Ghislanzoni’s poem, the first line of which begins “Spirto gentil, dal carcere / Terreno assunto ai cieli”, was published in 1882 in the second edition of his collected poetry entitled Melodie per Canto. So Puccini’s setting probably dates from spring 1883 (like his other texts by Ghislanzoni; see 38, 39, and 40). That time frame is further corroborated by Puccini’s own dating of 41.C.1.
41.C.1 , as well as 40.B.1, once belonged to Emilia Sanpietro (later the Contessa Caraffa). In 1903 she gave the two manuscripts to the attorney Careri, whose family sold it to Harvard University in 1950.
Without any doubt 41.C.1 is the definite and the only complete version of the song. The voice part (bars 5-42) differs from 41.A.1 and 41.A.2 in a few details, augmented by extra expression markings, and insofar nearly coincides with Kaye’s partial reconstruction (41.E.1). Bars 43-49 contain the ending, missing from Kaye 1987, and agreeing with 41.A.5. Furthermore, it has a different and shorter prelude (4 instead of 6 bars for the piano), corresponding to 41.A.3. The autograph date of the manuscript (27 July 1883) and its calligraphic character could signify that after finishing Storiella d’amore (see 40) Puccini hoped to have Ad una morta! become one of his published songs, but it was never published in his lifetime.
Puccini obviously also orchestrated the song (see 41a), but that version is only preserved in fragments (see 41.A.3, 41.A.4, and 41.A.5).
Puccini used a melodic motif from this song (bars 13–15) in Roberto’s romanza, with the text “ridean i fior, fioria per me l’amor” in Le Villi, composed early in 1885 (see 60), as well as in Act 4 of Edgar (see 62).
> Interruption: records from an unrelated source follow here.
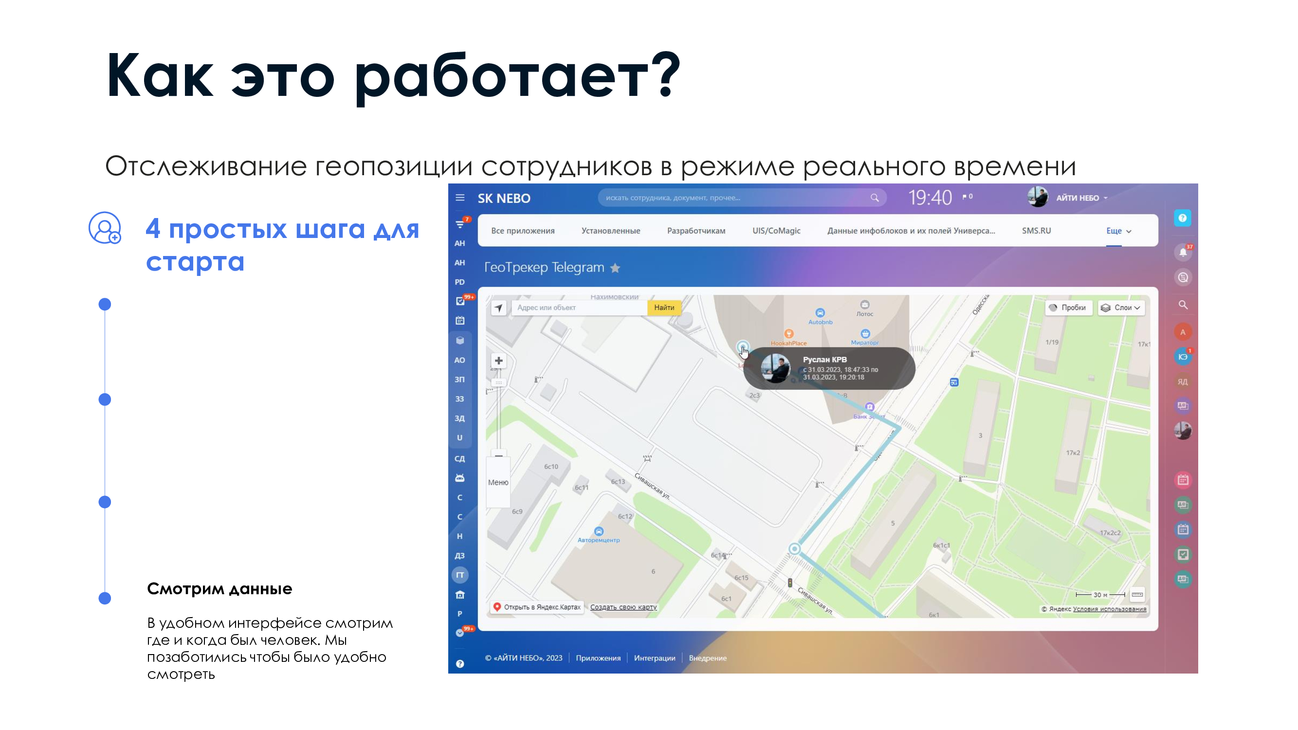 История перемещений: Приложение сохраняет историю перемещений каждого сотрудника, позволяя просмотреть ее позднее.
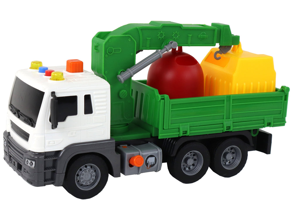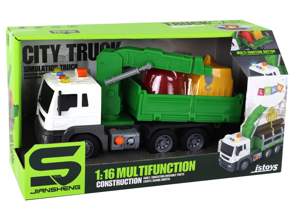 Auto ir krāns konteineru iecelšanai un izcelšanai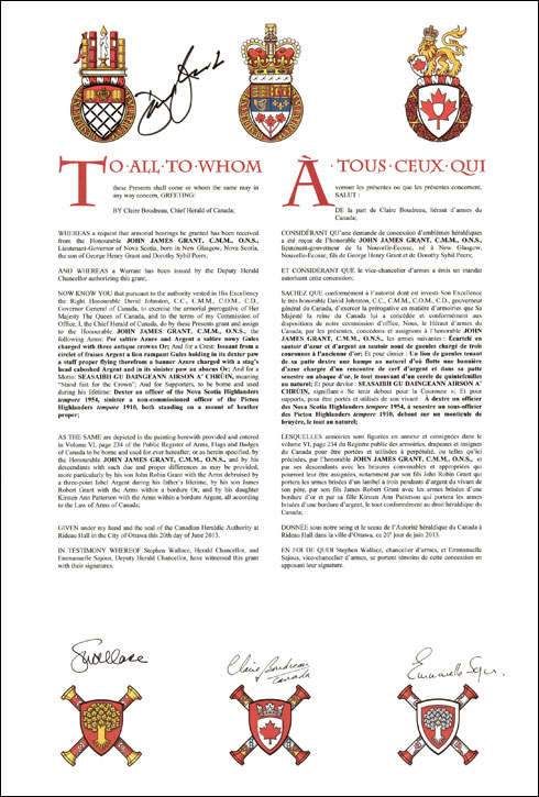Additional InformationCreator(s)Original concept of Darrel Kennedy, Assiniboine Herald, assisted by the heralds of the Canadian Heraldic Authority. PainterGordon Macpherson CalligrapherDoris Wionzek Recipient TypeIndividual Special DesignationLieutenant Governor |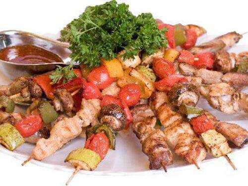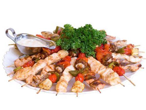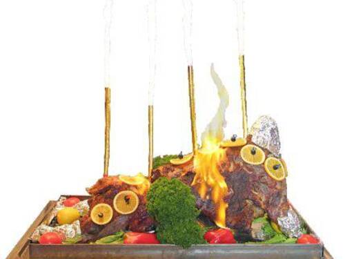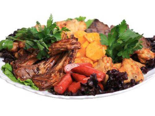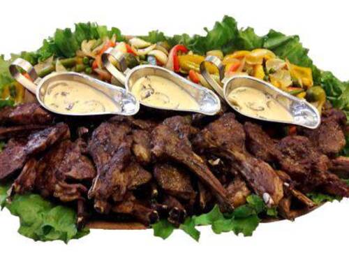 Говяжьи медальоны, бараний антрекот, куриные крылышки, утиная грудка, венские сосиски, рис. Банкетное блюдо.

Another short passage (bars 16-21) belongs to the thematic material of the Capriccio sinfonico (see 55), written not long after Ad una morta!. From there, the same music was incorporated in Le Villi as well as in Edgar (further details about these self-borrowings are reported in Cesari 1994, pp. 685-686, and Francesco Cesari in Biagi Ravenni and Gianturco 1997, pp. 450-451).